As illustrated in Figure 1, we obtained 870,254 SNVs that could potentially affect our candidate miRNA–mRNA pairs after checking with dbMTS. Next, we identified 376 variants with at least one annotated phenotype (GWAS Catalog, GRASP, and/or ClinVar, Table S1). We identified 24 SNVs exclusively located in the 3′UTR of all available transcripts. These SNVs were predicted by TargetScan to cause either gain of miRNA regulation or substitution of existing miRNA regulation (Table S2). These candidate SNVs would be overlooked by most of the traditional in-silico functional prioritization tools, because these MTS SNVs are expected to show only moderate effect size to gene expression. This indicates the uniqueness of our approach in identifying cancer type-specific functional SNVs for further validation. These 24 candidate SNVs were in 23 different genes (Table 1), and all of these genes have 2 or more potential cancer associations according to our observed anti-correlated miRNA-gene pairs. We expect that genes involved in multiple cancer types (e.g., MAFB and SLC30A7) are especially useful in detecting common tumorigenesis pathways for various types of cancer under the influence of similar set of miRNAs. The candidate list of SVNs and genes could account for the cancer association as a result of the anti-correlation between the miRNA–mRNA pairs in the TCGA project, but further experimental and/or clinical validation is required to elucidate their contributions to tumorigenesis.

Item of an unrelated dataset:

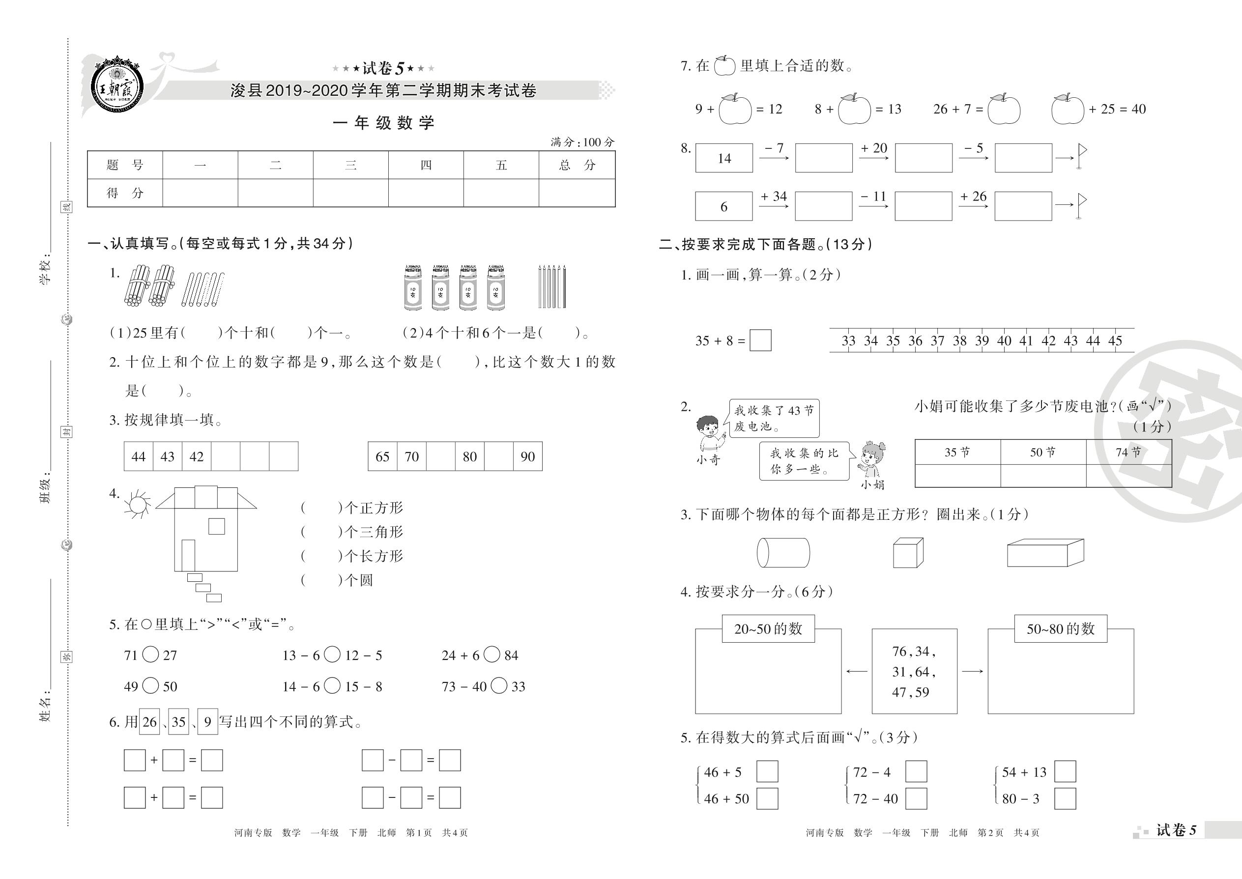 2019-2020学年第二学期鹤壁市浚县一年级数学试卷(北师版)【5】

3.2. Two Hundred and Thirty Three Somatic SNVs were Identified in Experimentally Identified miRNA Target Sites

Among the 870,254 SNVs retrieved from dbMTS, we found 233 somatic SNVs in SomamiR DB. Eleven of these SNVs located in MTS were identified by CLASH based experiments (Table 2). These SNVs may be responsible for our observed anti-correlated miRNA–mRNA pairs. For example, gene FLAD1 has been reported to be overexpressed in breast cancer [14], and let-7b dysregulation has been reported to be associated with breast cancer [15]. While no previous study has linked let-7b and FLAD1 together with breast cancer, our analysis shows the possibility of a novel mechanism of tumorigenesis for breast cancer. Additionally, a recent study has linked CDH1 and the miR-30 family with pancreatic cancer [16], which is observed in our study (Table 2). This evidence highlights the ability of our approach to identify informative tumorigenesis SNVs and genes. Additional SNVs located in MTS identified by CLIP-seq-based experiments are provided in Table S3.

3.3. Sixty Five Nonsynonymous SNVs were Identified in the Candidate Gene List

We identified 28,764 variants from the dbNSFP database for all genes from the TCGA analysis results to conduct our filtering process. We utilized three filters in order to identify SNVs that could be associated with cancer. The first filter used was “damaging in the fathmm-XF_coding prediction”; this step kept 12,617 variants. Next, we filtered the variants using The 1000 Genomes Project Phase 3 data by requiring SNVs’ minor allele frequency to be less than 0.05, leaving us with 644 variants. Next, we filtered the variants by requiring minor allele frequency to be less than 0.05 in the UK10K data, leaving us with 139 variants. Lastly, we identified pathogenic or likely pathogenic variants using ClinVar significance, leaving us with 65 candidate variants that could be associated with different types of cancer (Table S4).
To check for the somatic status of these 65 identified SNVs, we examined the COSMIC database and identified 31 out of 65 SNVs as somatic, which matched 383 COSMIC records (some SNVs were observed in multiple samples). Interestingly, these identified somatic SNVs were predicted by FATHMM as potentially pathogenic, which is a promising starting point for future functional and clinical studies interested in cancer driver mutations (Table S5).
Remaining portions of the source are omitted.